According to Forbes, just over a week after its establishment, World Labs had already raised $230 million in venture capital funding, with an estimated valuation of over $10 billion.
Li Feifei mentioned in her TED talk that training an AI system that can understand complex physical worlds and the relationships between objects within them is “the key to solving the puzzle of artificial intelligence”. As for what “spatial intelligence” means, she explained that it involves visualizing insights, seeing as understanding, and understanding leading to action.

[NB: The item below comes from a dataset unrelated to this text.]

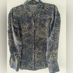 Kobi Halperin Women’s Blouse Size Medium Blue Brown Tan Silk Long Sleeve Silk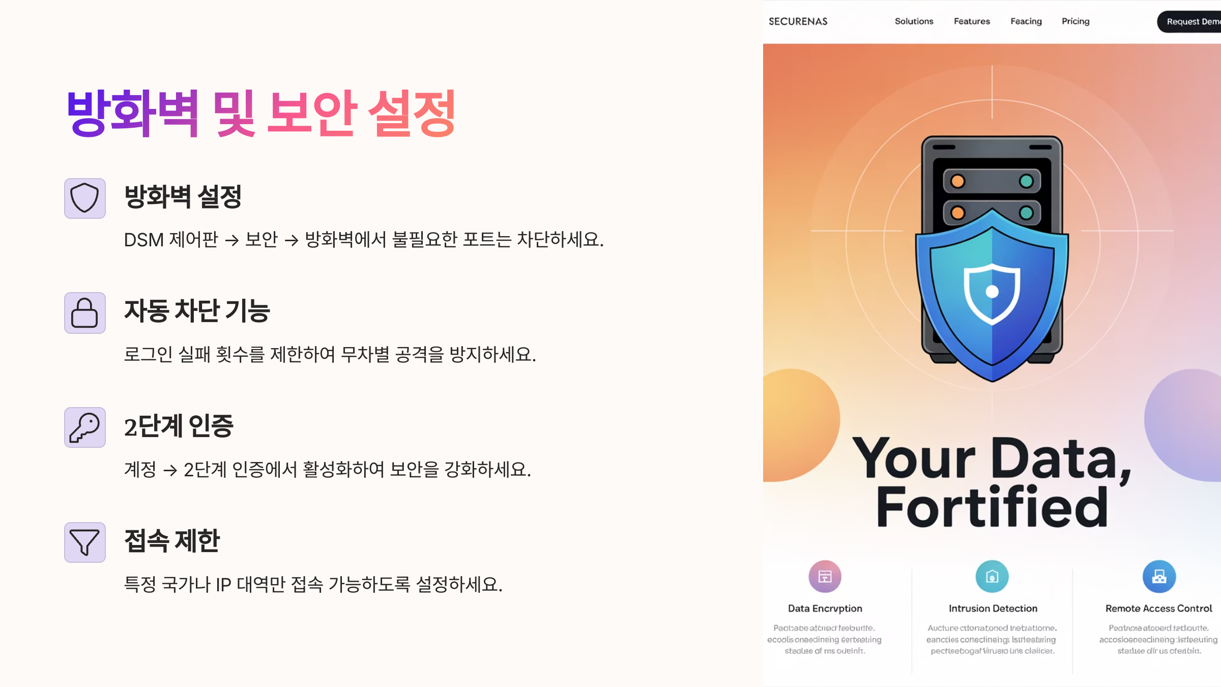 NAS 대부분에는 자체 방화벽 기능이 있어요. Synology NAS를 기준으로 보면, 제어판 → 보안 → 방화벽 설정으로 들어가서 IP 범위나 포트에 따라 허용/차단 규칙을 만들 수 있어요. 예를 들어 내 핸드폰이나 사무실 IP만 접속 허용하는 것도 가능해요.

Human intelligence can be divided into many types, one of which is linguistic intelligence, which enables us to communicate with others through language. However, more fundamental perhaps is spatial intelligence, which not only allows us to understand and interact with the world around us but also helps us bring our mental images into reality in three-dimensional space and time, modeling the world, and reasoning about objects, places, and interactions.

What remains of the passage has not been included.